ABOUT THIS EXERCISE: Word for word, copy the listing below and leave out its images.

DATASET SECTION:
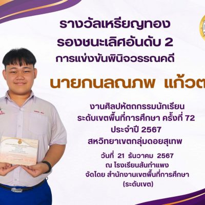 ขอชื่นชมและแสดงความยินดีกับ นายกนลณภพ แก้วตา ม.6/5 ที่ได้รับรางวัลเหรียญทอง รองชนะเลิศอันดับที่ 2 จากการเข้าร่วมกิจกรรมงานศิลปหัตถกรรมนักเรียน ระดับเขตพื้นที่การศึกษา ครั้งที่ 72 ประจำปี 2567 สหวิทยาเขตกลุ่มดอยสุเทพ เมื่อวันที่ 21 ธันวาคม 2567 จัดโดย สำนักงานเขตพื้นที่การศึกษามัธยมศึกษาเชียงใหม่ (ระดับเขต)
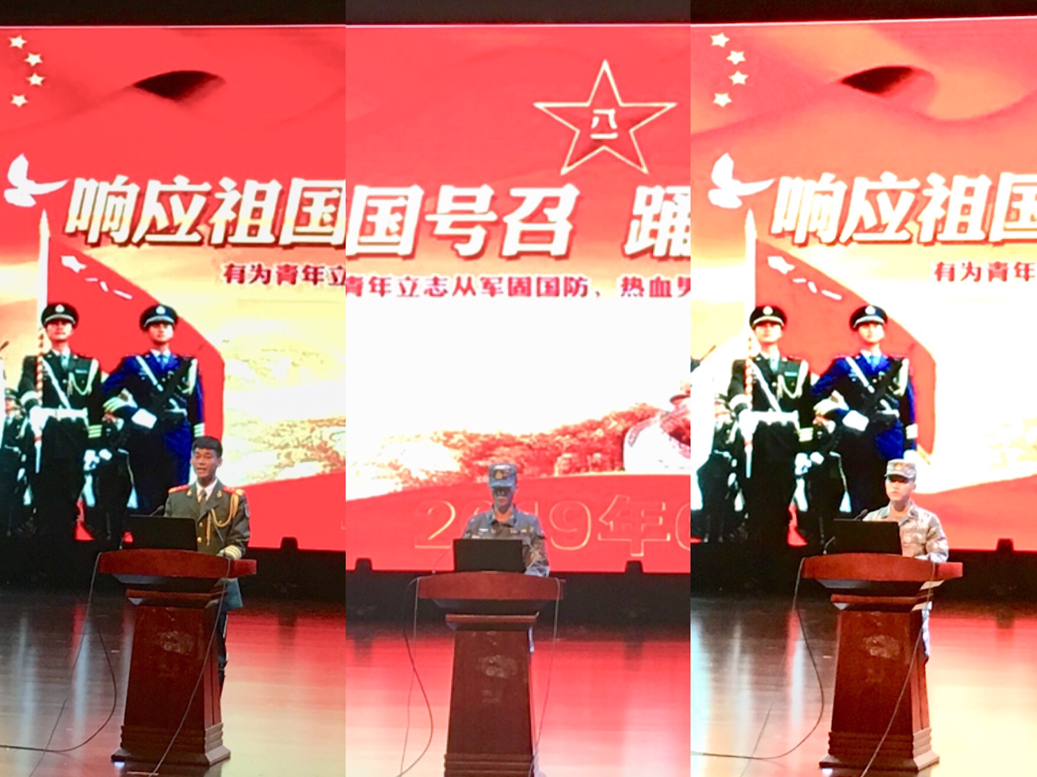 黄部长最后说,军号已吹响,祖国在召唤。同学们作为新时代的大学生,应积极报名应征,携笔从戎,建功军营,为实现中国梦、强军梦,做出积极的贡献!
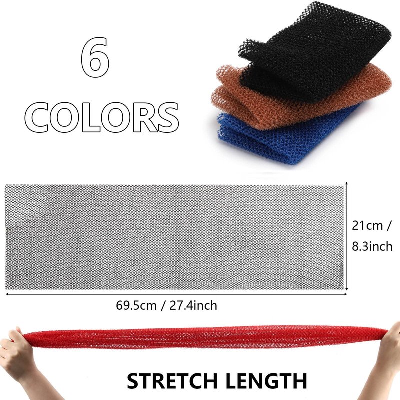 6 Pcs African Bath Sponge Long Exfoliating Net Nylon Body Back Scrubber (7.87x25.6inch)
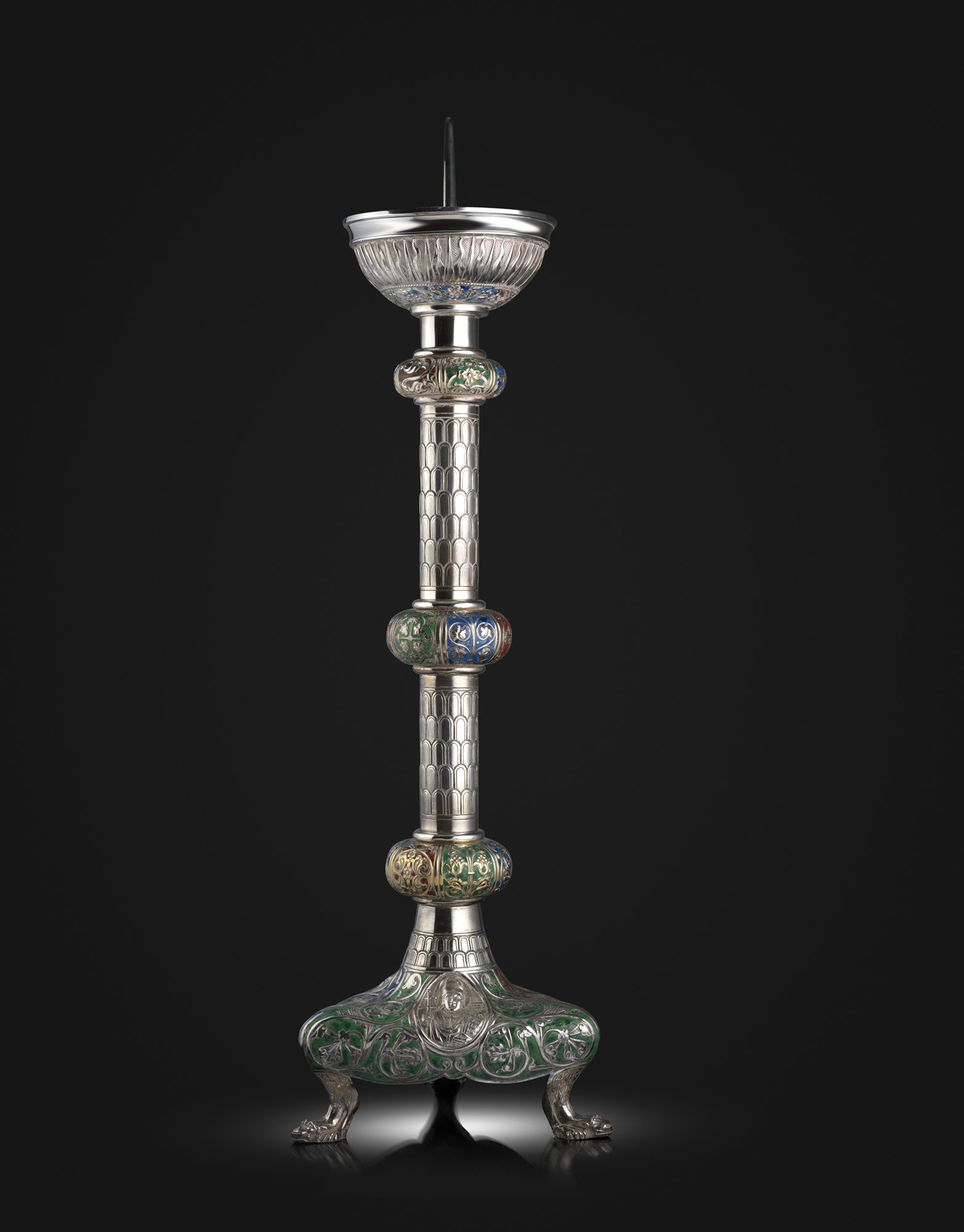 the cylindrical column with three knops, some traces of gilding, each with foliate decoration on green, red and blue enamel backgrounds, large circular tapering drip pan, with a central spike, on a raised triangular base with saint Irenaeus, Clement and Ignatius, and with blue, red and green enamel decoration, on three mask pad feet, the centre with a metal core, height 87cm.

ANSWER BOX:
 ขอชื่นชมและแสดงความยินดีกับ นายกนลณภพ แก้วตา ม.6/5 ที่ได้รับรางวัลเหรียญทอง รองชนะเลิศอันดับที่ 2 จากการเข้าร่วมกิจกรรมงานศิลปหัตถกรรมนักเรียน ระดับเขตพื้นที่การศึกษา ครั้งที่ 72 ประจำปี 2567 สหวิทยาเขตกลุ่มดอยสุเทพ เมื่อวันที่ 21 ธันวาคม 2567 จัดโดย สำนักงานเขตพื้นที่การศึกษามัธยมศึกษาเชียงใหม่ (ระดับเขต)
 黄部长最后说,军号已吹响,祖国在召唤。同学们作为新时代的大学生,应积极报名应征,携笔从戎,建功军营,为实现中国梦、强军梦,做出积极的贡献!
 6 Pcs African Bath Sponge Long Exfoliating Net Nylon Body Back Scrubber (7.87x25.6inch)
 the cylindrical column with three knops, some traces of gilding, each with foliate decoration on green, red and blue enamel backgrounds, large circular tapering drip pan, with a central spike, on a raised triangular base with saint Irenaeus, Clement and Ignatius, and with blue, red and green enamel decoration, on three mask pad feet, the centre with a metal core, height 87cm.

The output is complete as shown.